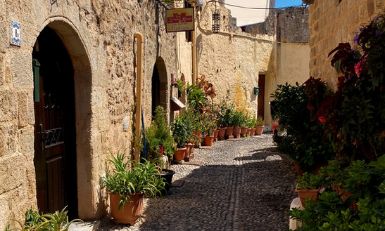 Er man til gammel arkitektur, riddere, små gader belagt med runde sten og i det hele taget gamle bygninger ( nogle steder i smukt forfald) .... så er den gamle bydel i Rhodos by så absolut et besøg værd.
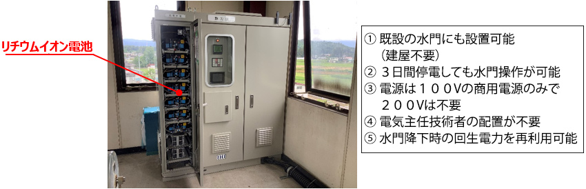 ※水門用蓄電バックアップシステムの開発は,国立研究開発法人土木研究所との共同研究「停電時にも水門開閉操作を実現できるシステム、及びそのシステムを既設水門に付加する改造技術の開発」において実施したものです。
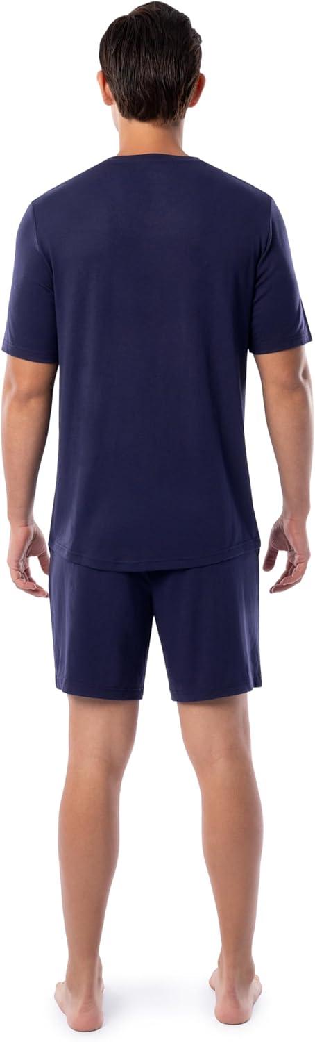 Fruit of the Loom mens 360 Stretch Short Sleeve V-neck Top and Short Sleep Pajama Set(Navy)
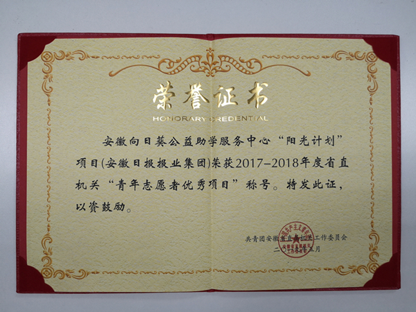 ○ 2019年5月,向日葵“阳光计划”项目被评为安徽省直机关“青年志愿者优秀项目”。
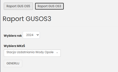 Jak Wygenerować Raporty GUS? Raporty GUS Do generowania poszczególnych raportów GUS (Główny Urząd Statystyczny) wybierz rok, instalację lub MKzŚ (miejsce korzystania ze środowiska) i kliknij przycisk “GENERUJ”. Raport GUS OS5 Raport GUS OS3
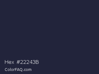Hex #22243b Color is a very dark blue color and the nearest color is Ebony Clay #26283b. Hex code #22243b and RGB value is rgb(34,36,59). In RGB color space, this color is composed of 13% red, 14% green, 23% blue, In CMYK color space, this color is composed of 42% cyan, 39% magenta, 0% yellow , 77% black , In HSL color space, this color has a hue angle of 235° , 27% saturation and 18% lightness.
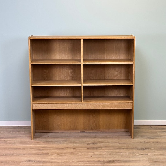 Flot stor reol i eg i flot design. Står flot med naturlige brugsspor og patina. Der haves flere og i andre størrelser. Der kan købes to, således man skjuler den grimmeside mod hinanden.

====================

EXERCISE GOAL> What you give back must match the entries exactly, apart from the omitted pictures.

SOLUTION TO THIS PROBLEM>
 Er man til gammel arkitektur, riddere, små gader belagt med runde sten og i det hele taget gamle bygninger ( nogle steder i smukt forfald) .... så er den gamle bydel i Rhodos by så absolut et besøg værd.
 ※水門用蓄電バックアップシステムの開発は,国立研究開発法人土木研究所との共同研究「停電時にも水門開閉操作を実現できるシステム、及びそのシステムを既設水門に付加する改造技術の開発」において実施したものです。
 Fruit of the Loom mens 360 Stretch Short Sleeve V-neck Top and Short Sleep Pajama Set(Navy)
 ○ 2019年5月,向日葵“阳光计划”项目被评为安徽省直机关“青年志愿者优秀项目”。
 Jak Wygenerować Raporty GUS? Raporty GUS Do generowania poszczególnych raportów GUS (Główny Urząd Statystyczny) wybierz rok, instalację lub MKzŚ (miejsce korzystania ze środowiska) i kliknij przycisk “GENERUJ”. Raport GUS OS5 Raport GUS OS3
Hex #22243b Color is a very dark blue color and the nearest color is Ebony Clay #26283b. Hex code #22243b and RGB value is rgb(34,36,59). In RGB color space, this color is composed of 13% red, 14% green, 23% blue, In CMYK color space, this color is composed of 42% cyan, 39% magenta, 0% yellow , 77% black , In HSL color space, this color has a hue angle of 235° , 27% saturation and 18% lightness.
 Flot stor reol i eg i flot design. Står flot med naturlige brugsspor og patina. Der haves flere og i andre størrelser. Der kan købes to, således man skjuler den grimmeside mod hinanden.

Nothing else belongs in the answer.